THE PROBLEM: Where the lines below hold images, skip those and copy every word exactly.

※ ※ ※

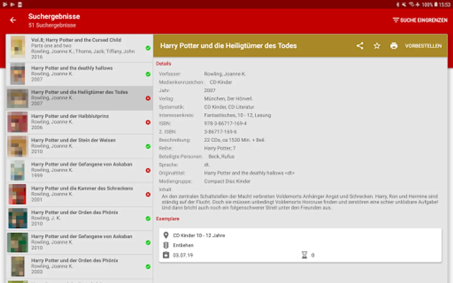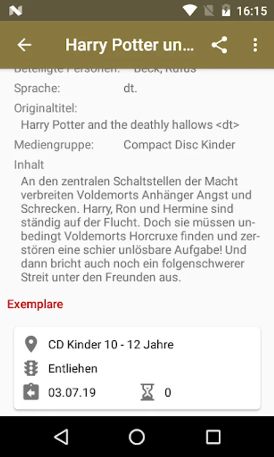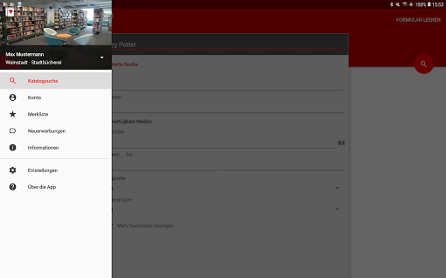 This Android app allows convenient access from the road to the catalog and the membership account of the city library Weinstadt.
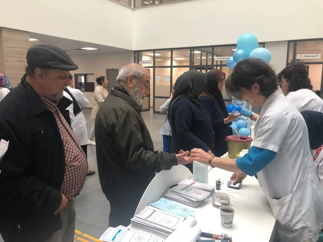 Kurulan stantta dağıtılan broşürlerle vatandaşlar bilgilendirildi. Ayrıca yapılan kan şeker ölçüm sonuçlarına göre vatandaşlar bilgilendirilerek ilgili alanlara yönlendirildi. Başhekim Doç. Dr. Hasan Ergenç de Dünya Diyabet Günü standını ziyaret etti. Ergenç, burada yaptığı konuşmada, “Ülkemizde ve dünyada diyabet sıklığı giderek artmaktadır. Diyabet kronik bir hastalıktır. Pankreastaki beta hücrelerinin insülin salgısının üretimin azalmasıyla ya da üretimin yeterli düzeyde olmasına rağmen organlarda yeterince fonksiyon görememesine bağlı olarak kan şekeri yüksekliğiyle seyreden kronik bir hastalıktır. Kronik hastalık olduğu için ömür boyu devam eden bir hastalıktır. Bütün sistemleri etkilemektedir. Bütün organları etkilemektedir. Ciddi organ kayıpları mesela en fazla gözdeki görme kaybına, ayakların kesilmesine kadar neden olmaktadır. Hatta ölümcül komplikasyonlara da neden olmaktadır. Normalde bu hastalığın sıklığının artması obezitenin artması, obezite de teknolojinin hayatımıza girmesi, hayatımıza yer alması, katkı maddeleri, işlenmiş gıdaların olmasından dolayı obezite sıklığının artmasına bağlı olarak diyabet sıklığı artmıştır. Normalde diyabet kronik bir hastalık olduğu için erken teşhis ve takiplerle önlenebilen bir hastalıktır. Yani diyabetten korkmayalım, erken tanı takip bizim için önemli olduğu için yaşam kalitemizin düzetmek açısından takip ve kontrollerimizi düzenli yapalım. Hekimler, diyetisyenler ve de diyabet hemşireleri ile beraber vatandaşlarımıza sağlık hizmeti sunulmaktadır" dedi.
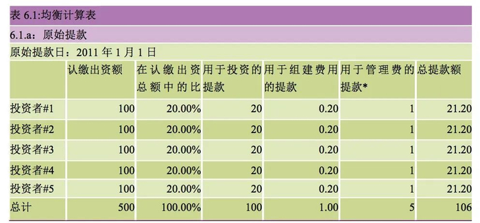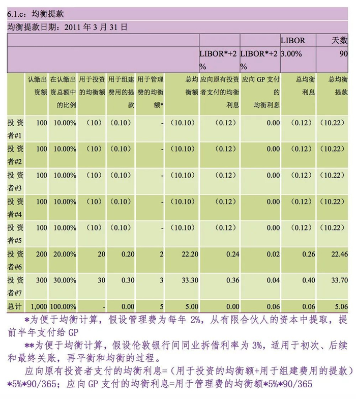 两表之差为均衡额。同时需要分别计算每个项目,即用于投资、组建费用/创立成本、基金支出/合伙支出以及管理费/优先收益的金额。或者,至少单独计算应向GP支付的管理费/优先收益的金额,其他款项则是支付给原有投资者(该做法并不推荐,应当跟踪记录每一个项目)。
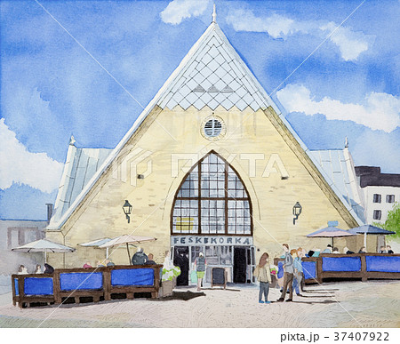 スウェーデン第二の都市ヨーテボリ 魚教会と呼ばれる魚市場の水彩画
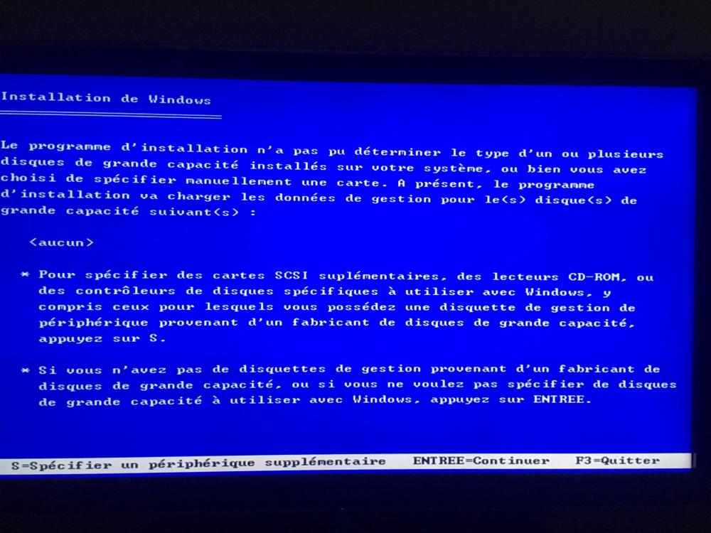 18. J'ai essayé en intégrant les driver dans l'ISO et j'obtient une cette fenêtre (photo 1) et lorsque je fait entré je retrouve la fenêtre avec "un problème a été détecté..." J'ai jamais vu ça ...

※ ※ ※

ANSWER AREA:
 This Android app allows convenient access from the road to the catalog and the membership account of the city library Weinstadt.
 Kurulan stantta dağıtılan broşürlerle vatandaşlar bilgilendirildi. Ayrıca yapılan kan şeker ölçüm sonuçlarına göre vatandaşlar bilgilendirilerek ilgili alanlara yönlendirildi. Başhekim Doç. Dr. Hasan Ergenç de Dünya Diyabet Günü standını ziyaret etti. Ergenç, burada yaptığı konuşmada, “Ülkemizde ve dünyada diyabet sıklığı giderek artmaktadır. Diyabet kronik bir hastalıktır. Pankreastaki beta hücrelerinin insülin salgısının üretimin azalmasıyla ya da üretimin yeterli düzeyde olmasına rağmen organlarda yeterince fonksiyon görememesine bağlı olarak kan şekeri yüksekliğiyle seyreden kronik bir hastalıktır. Kronik hastalık olduğu için ömür boyu devam eden bir hastalıktır. Bütün sistemleri etkilemektedir. Bütün organları etkilemektedir. Ciddi organ kayıpları mesela en fazla gözdeki görme kaybına, ayakların kesilmesine kadar neden olmaktadır. Hatta ölümcül komplikasyonlara da neden olmaktadır. Normalde bu hastalığın sıklığının artması obezitenin artması, obezite de teknolojinin hayatımıza girmesi, hayatımıza yer alması, katkı maddeleri, işlenmiş gıdaların olmasından dolayı obezite sıklığının artmasına bağlı olarak diyabet sıklığı artmıştır. Normalde diyabet kronik bir hastalık olduğu için erken teşhis ve takiplerle önlenebilen bir hastalıktır. Yani diyabetten korkmayalım, erken tanı takip bizim için önemli olduğu için yaşam kalitemizin düzetmek açısından takip ve kontrollerimizi düzenli yapalım. Hekimler, diyetisyenler ve de diyabet hemşireleri ile beraber vatandaşlarımıza sağlık hizmeti sunulmaktadır" dedi.
 两表之差为均衡额。同时需要分别计算每个项目,即用于投资、组建费用/创立成本、基金支出/合伙支出以及管理费/优先收益的金额。或者,至少单独计算应向GP支付的管理费/优先收益的金额,其他款项则是支付给原有投资者(该做法并不推荐,应当跟踪记录每一个项目)。
 スウェーデン第二の都市ヨーテボリ 魚教会と呼ばれる魚市場の水彩画
 18. J'ai essayé en intégrant les driver dans l'ISO et j'obtient une cette fenêtre (photo 1) et lorsque je fait entré je retrouve la fenêtre avec "un problème a été détecté..." J'ai jamais vu ça ...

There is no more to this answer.